Your objective:
Please give all of the data again, character for character, and drop the pictures.

Exercise data:

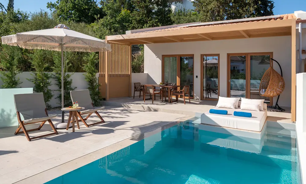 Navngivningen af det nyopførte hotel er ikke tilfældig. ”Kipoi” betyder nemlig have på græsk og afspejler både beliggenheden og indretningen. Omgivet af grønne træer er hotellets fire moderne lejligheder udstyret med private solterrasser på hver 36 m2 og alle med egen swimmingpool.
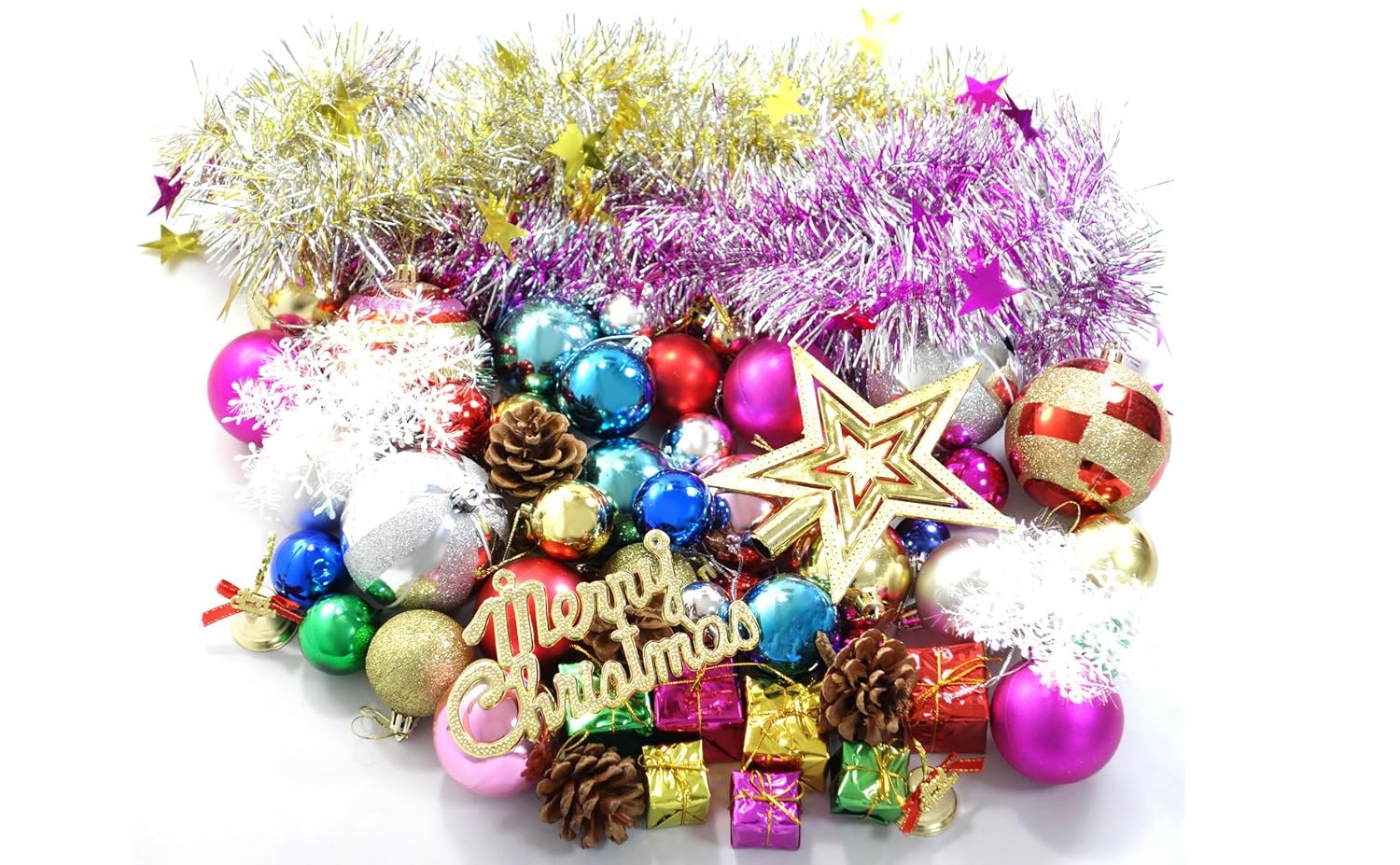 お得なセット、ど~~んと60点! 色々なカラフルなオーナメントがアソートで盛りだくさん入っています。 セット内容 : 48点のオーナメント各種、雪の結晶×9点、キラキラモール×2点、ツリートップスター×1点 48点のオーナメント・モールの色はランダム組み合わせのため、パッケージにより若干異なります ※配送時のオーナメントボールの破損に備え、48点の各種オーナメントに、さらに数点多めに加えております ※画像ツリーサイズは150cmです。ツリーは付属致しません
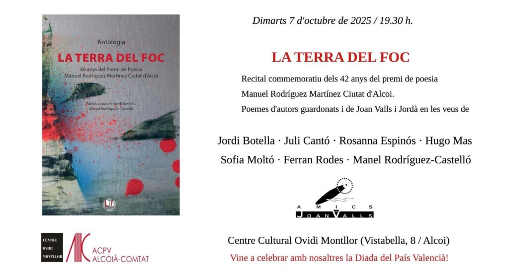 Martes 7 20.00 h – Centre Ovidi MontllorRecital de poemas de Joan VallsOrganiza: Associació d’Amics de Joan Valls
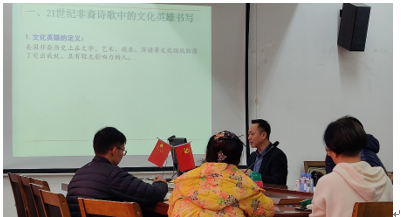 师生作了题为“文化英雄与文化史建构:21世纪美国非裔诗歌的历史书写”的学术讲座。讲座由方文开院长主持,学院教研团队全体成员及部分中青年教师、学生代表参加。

Completed task:
 Navngivningen af det nyopførte hotel er ikke tilfældig. ”Kipoi” betyder nemlig have på græsk og afspejler både beliggenheden og indretningen. Omgivet af grønne træer er hotellets fire moderne lejligheder udstyret med private solterrasser på hver 36 m2 og alle med egen swimmingpool.
 お得なセット、ど~~んと60点! 色々なカラフルなオーナメントがアソートで盛りだくさん入っています。 セット内容 : 48点のオーナメント各種、雪の結晶×9点、キラキラモール×2点、ツリートップスター×1点 48点のオーナメント・モールの色はランダム組み合わせのため、パッケージにより若干異なります ※配送時のオーナメントボールの破損に備え、48点の各種オーナメントに、さらに数点多めに加えております ※画像ツリーサイズは150cmです。ツリーは付属致しません
 Martes 7 20.00 h – Centre Ovidi MontllorRecital de poemas de Joan VallsOrganiza: Associació d’Amics de Joan Valls
 师生作了题为“文化英雄与文化史建构:21世纪美国非裔诗歌的历史书写”的学术讲座。讲座由方文开院长主持,学院教研团队全体成员及部分中青年教师、学生代表参加。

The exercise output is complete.